I was wondering if new badging for the car's exterior is provided when upgrading battery size post delivery. That is, when upgrading a MS 60 kwH battery to a 75 kWH battery via payment and a software download, does Tesla provide a new physical badge to accurately reflect the vehicle's new specs. Perhaps, one can stop by a Tasla service center and they will do this as part of the upgrade. Can someone please confirm if this is the case? Thank you.


----------



## AEDennis (Apr 10, 2016)

Kurt Anglese said:


> I was wondering if new badging for the car's exterior is provided when upgrading battery size post delivery. That is, when upgrading a MS 60 kwH battery to a 75 kWH battery via payment and a software download, does Tesla provide a new physical badge to accurately reflect the vehicle's new specs. Perhaps, one can stop by a Tasla service center and they will do this as part of the upgrade. Can someone please confirm if this is the case? Thank you.


Tesla has done this with previous vehicle releases... Such as the Model S 40 to Model S 60 or when a Roadster has upgraded to the 3.0 battery.

I keep our Model S "de-badged" like the original early Model S... It's just cleaner.


----------



## Michael Russo (Oct 15, 2016)

This is actually quite funny... With my ICE vehicles over the years, I typically kept them de-badged because there were generally the 'smallest' engine of the range... Of course there was never really a question of 'upgrading' to a bigger engine, though, if money would not have been a consideration, it would always have been feasible... 

Now with the T≡SLA BEVs, you can indeed upgrade battery size via software download only? I take it the battery is actually if the larger battery size right out of the assembly line, yet can 'unleashed' electronically later then? 
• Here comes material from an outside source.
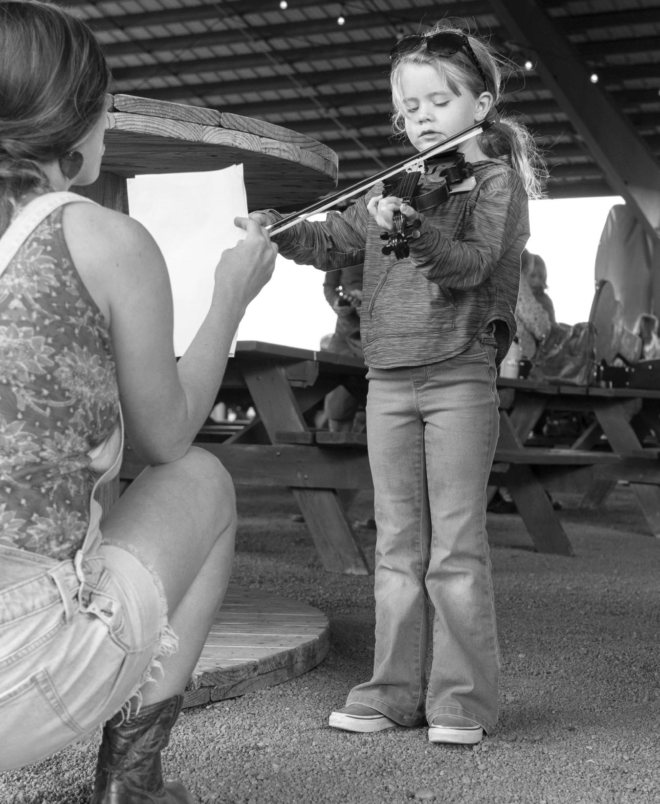 SHOW TUNES: (Left to right) Samantha Lovelace, Sadie Swift, Rose Pankratz, Adelaide Pankratz and Kassidy Robinson practice for their big moment at the Kids of the Gunnison Valley concert at I Bar Ranch on Aug. 15. The girls are not only best friends about the enter the fourth grade, but together, form the band Puguleles. They sang hits from Tom Petty, Imagine Dragons, Miranda Lambert and Ed Sheeran. (Photo by Abby Harrison)

So the impact on version badging makes sense, though the desire for 'discretion' - by opting for a de-badged trunk lid, could easily be traded for the 'fun' of surprising passerbys with the clear performance of the larger battery pack, though with the appearance (via the version badge) of a lower end of the range vehicle!


----------



## AEDennis (Apr 10, 2016)

Michael Russo said:


> This is actually quite funny... With my ICE vehicles over the years, I typically kept them de-badged because there were generally the 'smallest' engine of the range... Of course there was never really a question of 'upgrading' to a bigger engine, though, if money would not have been a consideration, it would always have been feasible...
> 
> Now with the T≡SLA BEVs, you can indeed upgrade battery size via software download only? I take it the battery is actually if the larger battery size right out of the assembly line, yet can 'unleashed' electronically later then?
> 
> So the impact on version badging makes sense, though the desire for 'discretion' - by opting for a de-badged trunk lid, could easily be traded for the 'fun' of surprising passerbys with the clear performance of the larger battery pack, though with the appearance (via the version badge) of a lower end of the range vehicle!


Look for the spoiler... usually means a faster S.


----------